We engineered Gemini to return structured JSON with precise spatial data:

typescript { steps: [{ step_text: "Press the power button", visual_context: { image_index: 0, // AI picks best angle part_name: "Power Button", box_2d: [ymin, xmin, ymax, xmax] // 0-1000 normalized }, action_type: "push", action_direction: "forward" }] }

The AI analyzes all uploaded photos and automatically selects the best viewing angle for each step.

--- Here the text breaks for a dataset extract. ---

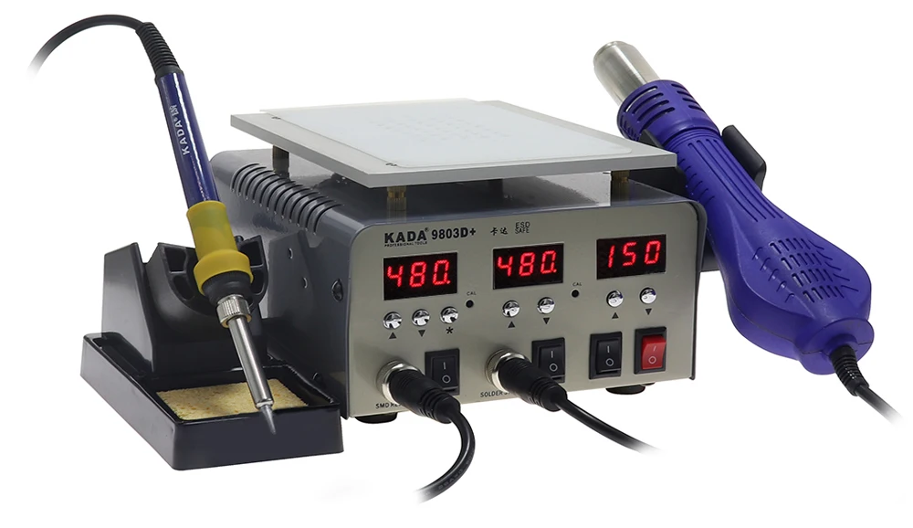 Station de soudure 3-en-1 KADA 9803D+ Air chaud + Fer à souder + Plaque chauffante intégrée

2. Pixel-Level Annotation Engine

Gemini returns normalized coordinates (0-1000 scale). We built a custom Canvas annotation system that:

Transforms coordinates to actual pixels:

$$x = \frac{x_{min}}{1000} \times \text{width}$$

$$y = \frac{y_{min}}{1000} \times \text{height}$$

Implements a 6-position label fallback algorithm (right → left → above → below → corner → clamped)
Draws arrows using trigonometry:

$$\theta = \arctan2(y_{to} - y_{from}, x_{to} - x_{from})$$

Scales dynamically based on image size:

$$\text{scaleFactor} = \frac{\max(\text{width}, \text{height})}{800}$$

3. Custom Trained Gesture Classifiers

MediaPipe Hands gives us 21 raw landmark coordinates - not gestures. We trained our own classifiers to recognize navigation gestures:

Open Palm Detection (→ Next Step): typescript const isOpenPalm = indexTip.y < indexPIP.y && // finger extended middleTip.y < middlePIP.y && ringTip.y < ringPIP.y && pinkyTip.y < pinkyPIP.y && |thumbTip.x - indexMCP.x| > 0.1; // thumb spread

Closed Fist Detection (→ Previous Step): typescript const isFist = indexTip.y >= indexPIP.y && // all fingers curled middleTip.y >= middlePIP.y && ringTip.y >= ringPIP.y && pinkyTip.y >= pinkyPIP.y;

Thumbs Up Detection (→ Previous Step): typescript const isThumbsUp = thumbTip.y < thumbMCP.y - 0.05 && // thumb pointing up thumbTip.y < wrist.y - 0.1 && // above wrist allOtherFingersCurled;

4. Three.js 3D Motion Indicators

For physical actions, we render animated 3D arrows:

Rotate: Curved arrow using THREE.EllipseCurve + TubeGeometry
Push/Pull (depth): Arrow with concentric ripple rings that expand/contract
Flip: Arc arrow with toggle animation

The wave animation for depth perception:

$$\text{scale} = 0.3 + (\text{wave} \times 1.2)$$

$$\text{opacity} = 1 - \text{wave}$$

where $\text{wave} = (t \times 1.5 + \text{offset}) \mod 1$

5. Wake Word Voice System

We implemented a state machine:

IDLE: Listening for "Hey Duckie" (handles misrecognitions like "hey ducky", "a duckie")
ACTIVATED: Recording user command
SUBMIT: Triggered by "Thank you" end-phrase

6. Convex Backend for Persistence

Serverless database storing guides with full schema:

Session management
Step data with visual context
Action types and directions
Annotated images (base64)

Challenges we ran into

1. Label Positioning Nightmare

Bounding boxes near image edges caused labels to overflow. We solved this with a 6-position fallback algorithm that tries right → left → above → below → corner → clamped until it finds a position that fits within bounds.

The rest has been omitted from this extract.